BEGIN EXERCISE DATA

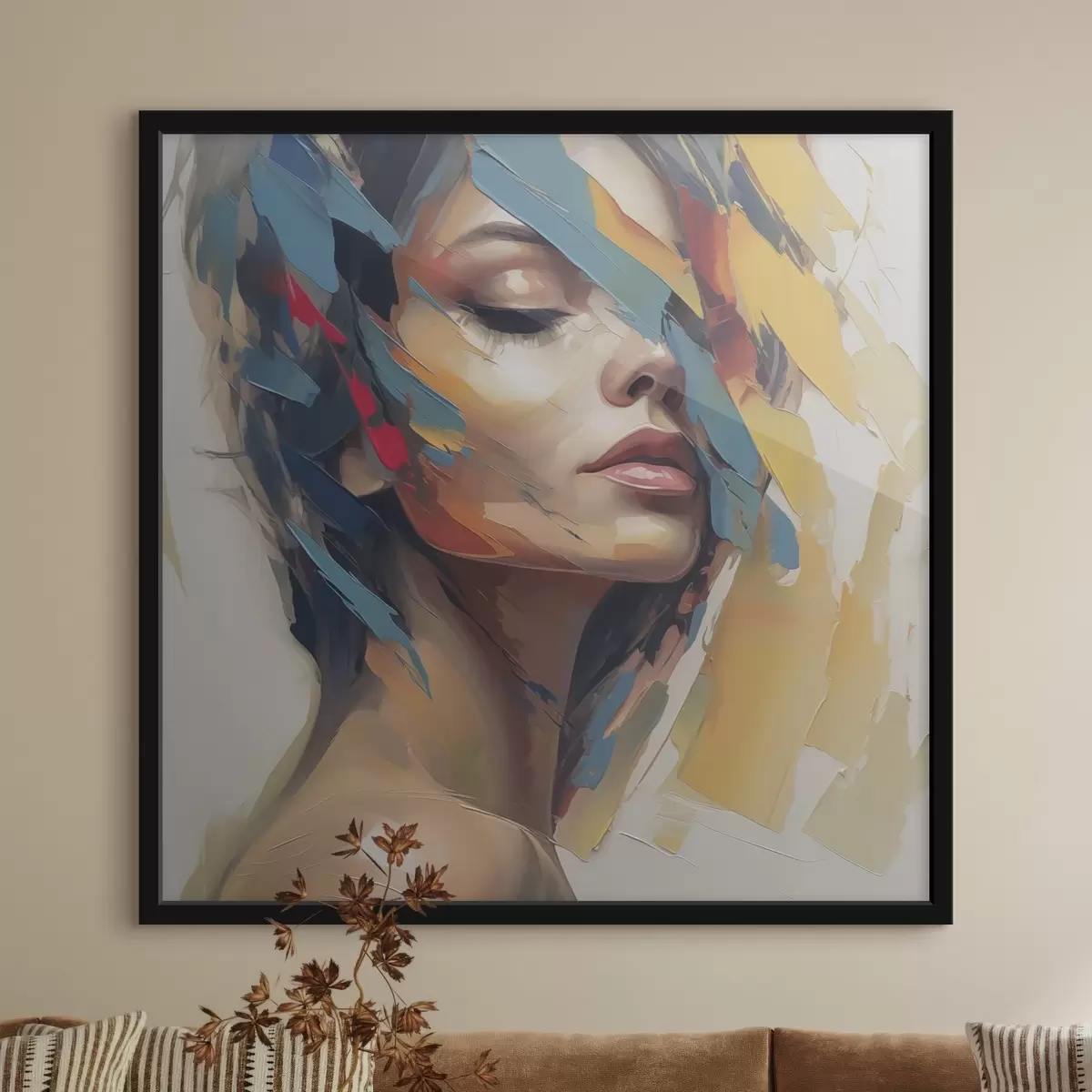 Poster Abstrakte weibliche Porträtimitation einer Malerei f46918
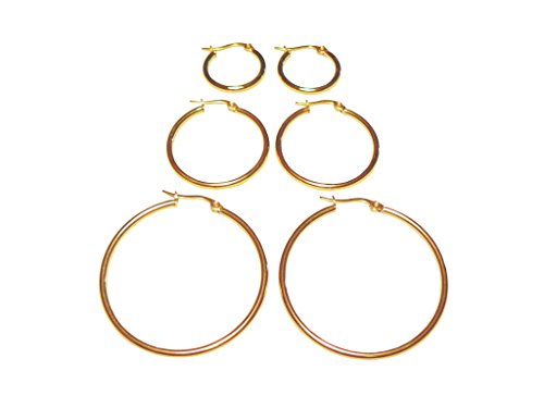 3 Pair Gold-Tone Stainless Steel Pierced Hoop Earrings, PVD, 15mm, 25mm & 40mm Diameters
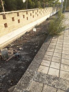 I problemi, però, non riguardano solamente l’interno della struttura, perché, nelle vicinanze è anche presente un parco. Qui, sono presenti moltissime sterpaglie e l’illuminazione è scarsa e potrebbero causare gravi danni ai frequentatori. A questo si aggiungono alcuni tombini divelti che potrebbero anche causare la caduta dei passanti.

END EXERCISE DATA

- YOUR GOAL -
An exact copy of the listing above is to be set down, with no pictures in it.

- SOLUTION TO THE EXERCISE -
 Poster Abstrakte weibliche Porträtimitation einer Malerei f46918
 3 Pair Gold-Tone Stainless Steel Pierced Hoop Earrings, PVD, 15mm, 25mm & 40mm Diameters
 I problemi, però, non riguardano solamente l’interno della struttura, perché, nelle vicinanze è anche presente un parco. Qui, sono presenti moltissime sterpaglie e l’illuminazione è scarsa e potrebbero causare gravi danni ai frequentatori. A questo si aggiungono alcuni tombini divelti che potrebbero anche causare la caduta dei passanti.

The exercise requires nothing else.